(DATA TO EXAMINE)
↓
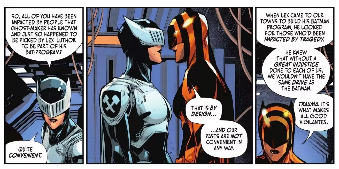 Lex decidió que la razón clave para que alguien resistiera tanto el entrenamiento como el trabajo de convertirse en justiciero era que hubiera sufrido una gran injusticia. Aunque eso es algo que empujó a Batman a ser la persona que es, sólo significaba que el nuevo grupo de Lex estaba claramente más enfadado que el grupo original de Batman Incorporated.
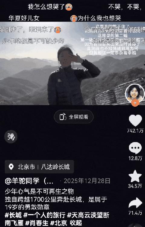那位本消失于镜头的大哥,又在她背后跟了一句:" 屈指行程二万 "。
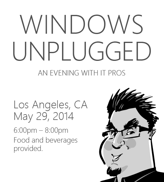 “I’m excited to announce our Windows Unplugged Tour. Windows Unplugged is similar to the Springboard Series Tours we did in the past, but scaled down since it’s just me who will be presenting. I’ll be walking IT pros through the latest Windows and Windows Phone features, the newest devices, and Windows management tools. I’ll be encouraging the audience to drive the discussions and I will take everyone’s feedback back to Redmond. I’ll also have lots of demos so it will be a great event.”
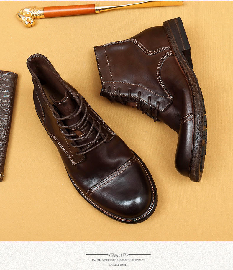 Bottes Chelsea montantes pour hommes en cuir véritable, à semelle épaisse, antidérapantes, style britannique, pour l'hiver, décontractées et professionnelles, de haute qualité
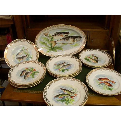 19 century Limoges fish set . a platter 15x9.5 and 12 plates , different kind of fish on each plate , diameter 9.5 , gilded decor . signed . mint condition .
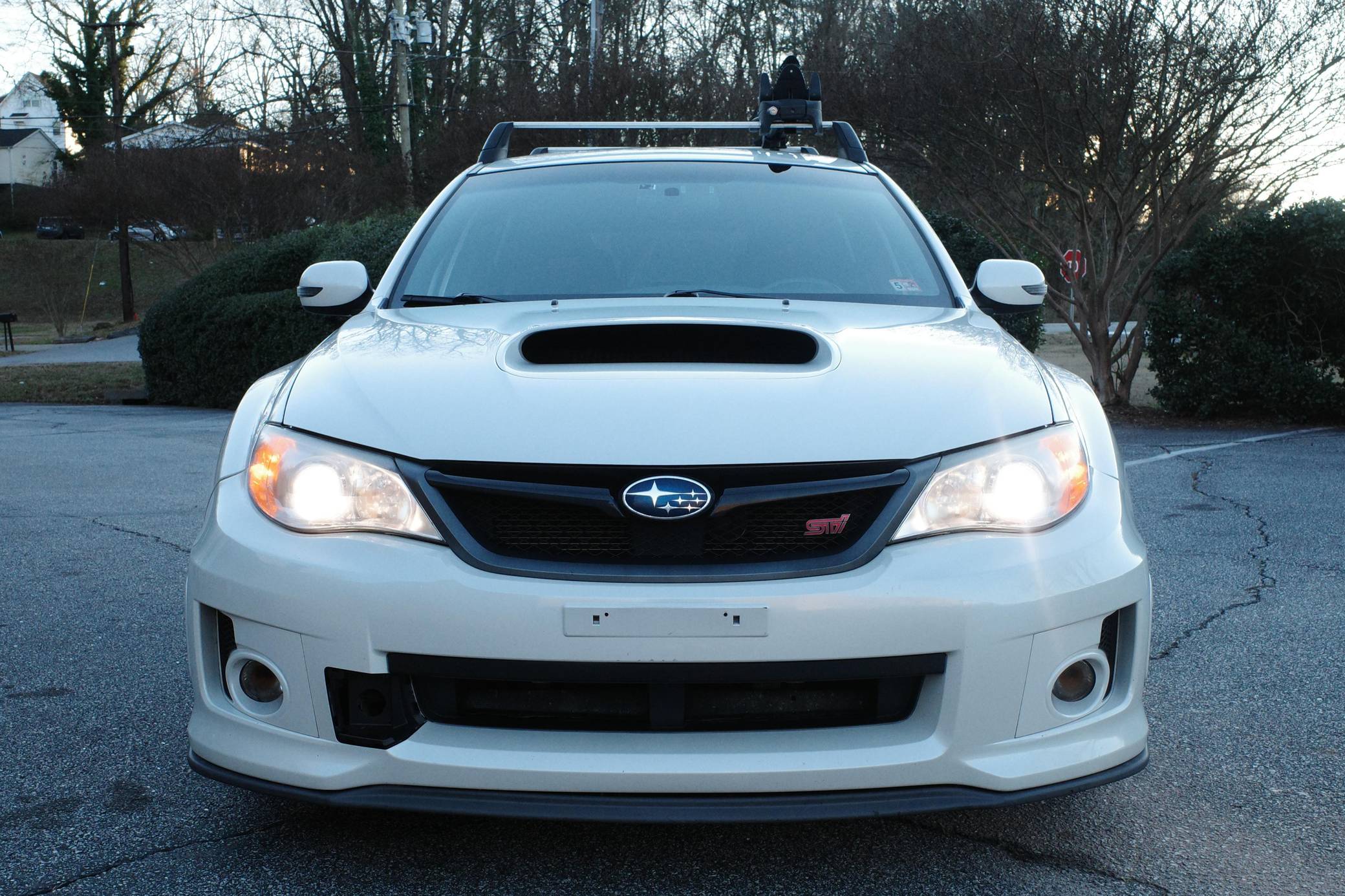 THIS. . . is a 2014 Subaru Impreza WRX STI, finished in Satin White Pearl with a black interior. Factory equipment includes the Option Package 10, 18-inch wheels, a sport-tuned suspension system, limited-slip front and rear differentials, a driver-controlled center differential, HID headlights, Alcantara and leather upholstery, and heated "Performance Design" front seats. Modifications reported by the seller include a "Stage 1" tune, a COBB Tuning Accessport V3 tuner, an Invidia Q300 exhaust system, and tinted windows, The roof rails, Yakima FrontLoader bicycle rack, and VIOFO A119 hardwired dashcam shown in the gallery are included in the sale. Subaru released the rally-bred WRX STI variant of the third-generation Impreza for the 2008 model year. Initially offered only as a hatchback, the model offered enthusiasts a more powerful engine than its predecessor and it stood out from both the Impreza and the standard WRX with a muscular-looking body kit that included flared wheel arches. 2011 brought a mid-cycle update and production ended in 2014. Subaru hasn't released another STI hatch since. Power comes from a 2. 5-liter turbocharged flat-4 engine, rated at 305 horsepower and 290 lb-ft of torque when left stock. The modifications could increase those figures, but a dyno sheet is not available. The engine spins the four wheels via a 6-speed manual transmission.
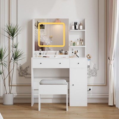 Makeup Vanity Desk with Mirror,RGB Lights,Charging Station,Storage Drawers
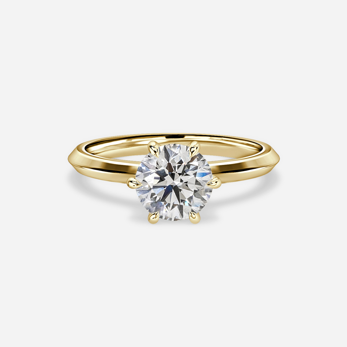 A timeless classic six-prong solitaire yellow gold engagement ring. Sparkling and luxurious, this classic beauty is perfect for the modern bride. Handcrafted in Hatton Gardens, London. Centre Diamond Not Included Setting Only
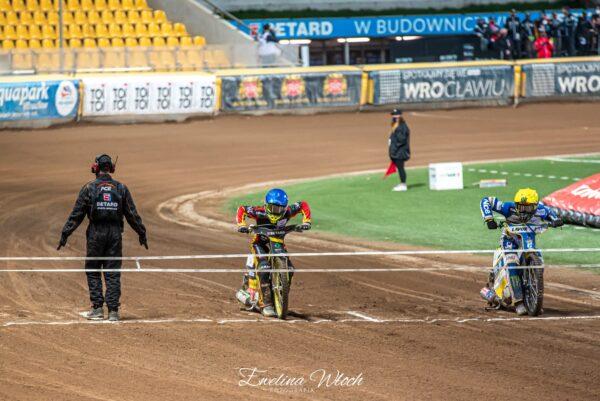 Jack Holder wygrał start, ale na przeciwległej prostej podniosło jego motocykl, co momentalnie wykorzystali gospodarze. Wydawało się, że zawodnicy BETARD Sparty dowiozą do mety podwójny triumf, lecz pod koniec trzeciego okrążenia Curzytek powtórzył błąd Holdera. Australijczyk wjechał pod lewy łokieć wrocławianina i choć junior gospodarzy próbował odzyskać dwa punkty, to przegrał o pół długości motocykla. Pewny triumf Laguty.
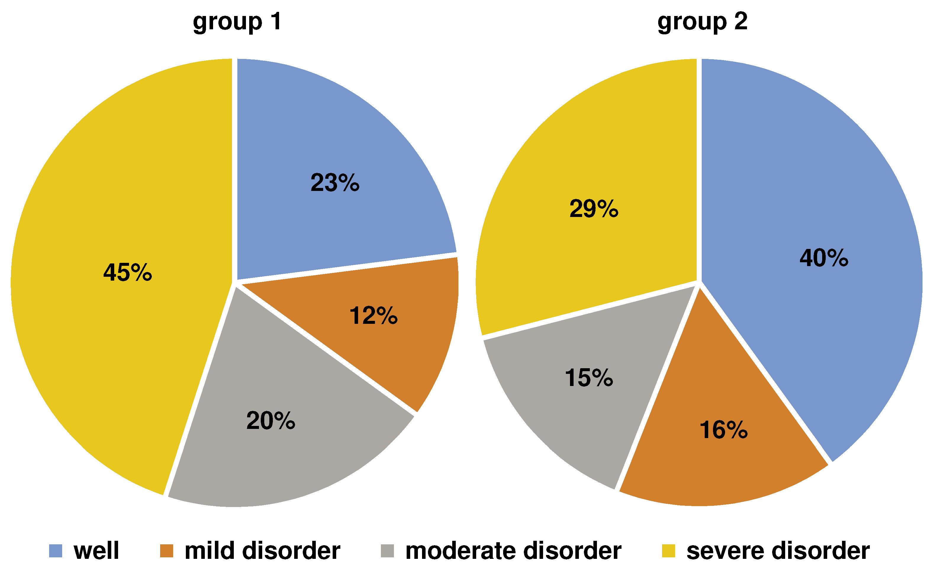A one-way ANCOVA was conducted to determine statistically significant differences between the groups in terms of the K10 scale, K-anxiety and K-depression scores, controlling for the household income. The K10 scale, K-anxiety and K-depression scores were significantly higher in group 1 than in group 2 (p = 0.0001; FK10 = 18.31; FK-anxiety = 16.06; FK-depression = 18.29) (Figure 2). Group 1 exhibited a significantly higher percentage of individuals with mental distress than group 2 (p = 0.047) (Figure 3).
↑
↓
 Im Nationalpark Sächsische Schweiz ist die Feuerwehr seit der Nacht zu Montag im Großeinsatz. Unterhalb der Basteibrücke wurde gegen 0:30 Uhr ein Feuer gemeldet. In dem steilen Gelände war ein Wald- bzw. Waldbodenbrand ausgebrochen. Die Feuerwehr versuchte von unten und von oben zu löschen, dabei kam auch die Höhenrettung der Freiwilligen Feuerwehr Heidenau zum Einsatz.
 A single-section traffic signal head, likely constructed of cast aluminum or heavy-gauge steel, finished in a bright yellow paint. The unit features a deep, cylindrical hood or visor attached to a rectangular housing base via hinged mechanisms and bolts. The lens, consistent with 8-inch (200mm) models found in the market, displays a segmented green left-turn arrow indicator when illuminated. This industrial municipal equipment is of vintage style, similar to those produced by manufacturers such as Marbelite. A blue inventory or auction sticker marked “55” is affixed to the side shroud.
↑
(PROBLEM) Print an exact copy of the lines above, from the one containing "Lex decidió que" through the one containing "19 century Limoges", and leave out the pictures.

(TASK RESULT)
 Lex decidió que la razón clave para que alguien resistiera tanto el entrenamiento como el trabajo de convertirse en justiciero era que hubiera sufrido una gran injusticia. Aunque eso es algo que empujó a Batman a ser la persona que es, sólo significaba que el nuevo grupo de Lex estaba claramente más enfadado que el grupo original de Batman Incorporated.
那位本消失于镜头的大哥,又在她背后跟了一句:" 屈指行程二万 "。
 “I’m excited to announce our Windows Unplugged Tour. Windows Unplugged is similar to the Springboard Series Tours we did in the past, but scaled down since it’s just me who will be presenting. I’ll be walking IT pros through the latest Windows and Windows Phone features, the newest devices, and Windows management tools. I’ll be encouraging the audience to drive the discussions and I will take everyone’s feedback back to Redmond. I’ll also have lots of demos so it will be a great event.”
 Bottes Chelsea montantes pour hommes en cuir véritable, à semelle épaisse, antidérapantes, style britannique, pour l'hiver, décontractées et professionnelles, de haute qualité
 19 century Limoges fish set . a platter 15x9.5 and 12 plates , different kind of fish on each plate , diameter 9.5 , gilded decor . signed . mint condition .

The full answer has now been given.